◆ Exercise aim ◆
In the listing beneath this line, copy exactly the lines starting with the one containing "在界面張力的模擬計算公式(5" and going on through the one containing "Bae's pokemon team!".

◆ Record excerpts ◆

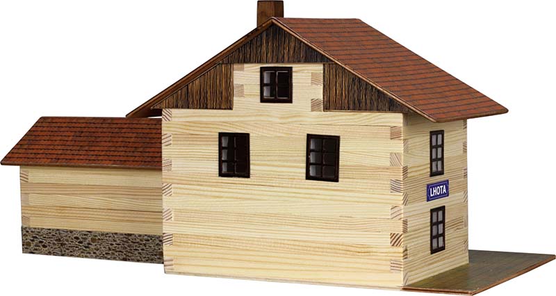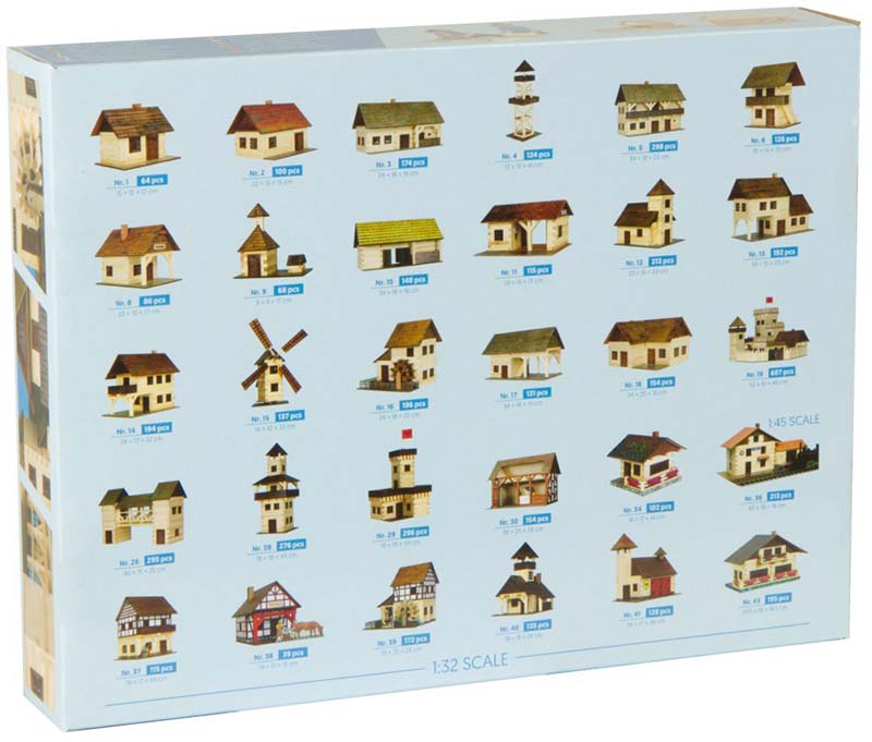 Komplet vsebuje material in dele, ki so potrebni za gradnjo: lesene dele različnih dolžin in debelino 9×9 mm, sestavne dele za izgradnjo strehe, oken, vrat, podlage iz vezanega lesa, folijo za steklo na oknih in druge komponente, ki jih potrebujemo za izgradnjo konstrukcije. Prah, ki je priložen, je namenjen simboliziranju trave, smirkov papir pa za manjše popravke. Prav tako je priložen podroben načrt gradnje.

--

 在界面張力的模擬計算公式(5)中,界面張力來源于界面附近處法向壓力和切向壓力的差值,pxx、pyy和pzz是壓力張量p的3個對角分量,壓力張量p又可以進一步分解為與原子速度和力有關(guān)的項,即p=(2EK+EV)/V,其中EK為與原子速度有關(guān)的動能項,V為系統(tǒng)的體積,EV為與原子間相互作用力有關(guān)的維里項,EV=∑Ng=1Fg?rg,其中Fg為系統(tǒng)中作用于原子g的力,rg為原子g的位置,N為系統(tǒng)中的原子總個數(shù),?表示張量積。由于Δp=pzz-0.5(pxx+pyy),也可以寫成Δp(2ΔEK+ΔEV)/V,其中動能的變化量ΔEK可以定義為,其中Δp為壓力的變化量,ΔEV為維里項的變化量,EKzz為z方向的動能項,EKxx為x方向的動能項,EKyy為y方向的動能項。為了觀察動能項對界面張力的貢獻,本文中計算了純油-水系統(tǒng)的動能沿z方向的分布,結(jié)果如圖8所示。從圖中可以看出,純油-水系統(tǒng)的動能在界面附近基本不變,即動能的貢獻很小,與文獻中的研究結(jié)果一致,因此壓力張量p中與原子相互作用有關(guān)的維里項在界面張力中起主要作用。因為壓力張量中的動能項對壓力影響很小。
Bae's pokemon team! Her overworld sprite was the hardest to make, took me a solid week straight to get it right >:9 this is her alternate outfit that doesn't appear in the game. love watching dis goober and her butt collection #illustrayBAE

◆ Solution for this exercise ◆
 在界面張力的模擬計算公式(5)中,界面張力來源于界面附近處法向壓力和切向壓力的差值,pxx、pyy和pzz是壓力張量p的3個對角分量,壓力張量p又可以進一步分解為與原子速度和力有關(guān)的項,即p=(2EK+EV)/V,其中EK為與原子速度有關(guān)的動能項,V為系統(tǒng)的體積,EV為與原子間相互作用力有關(guān)的維里項,EV=∑Ng=1Fg?rg,其中Fg為系統(tǒng)中作用于原子g的力,rg為原子g的位置,N為系統(tǒng)中的原子總個數(shù),?表示張量積。由于Δp=pzz-0.5(pxx+pyy),也可以寫成Δp(2ΔEK+ΔEV)/V,其中動能的變化量ΔEK可以定義為,其中Δp為壓力的變化量,ΔEV為維里項的變化量,EKzz為z方向的動能項,EKxx為x方向的動能項,EKyy為y方向的動能項。為了觀察動能項對界面張力的貢獻,本文中計算了純油-水系統(tǒng)的動能沿z方向的分布,結(jié)果如圖8所示。從圖中可以看出,純油-水系統(tǒng)的動能在界面附近基本不變,即動能的貢獻很小,與文獻中的研究結(jié)果一致,因此壓力張量p中與原子相互作用有關(guān)的維里項在界面張力中起主要作用。因為壓力張量中的動能項對壓力影響很小。
Bae's pokemon team! Her overworld sprite was the hardest to make, took me a solid week straight to get it right >:9 this is her alternate outfit that doesn't appear in the game. love watching dis goober and her butt collection #illustrayBAE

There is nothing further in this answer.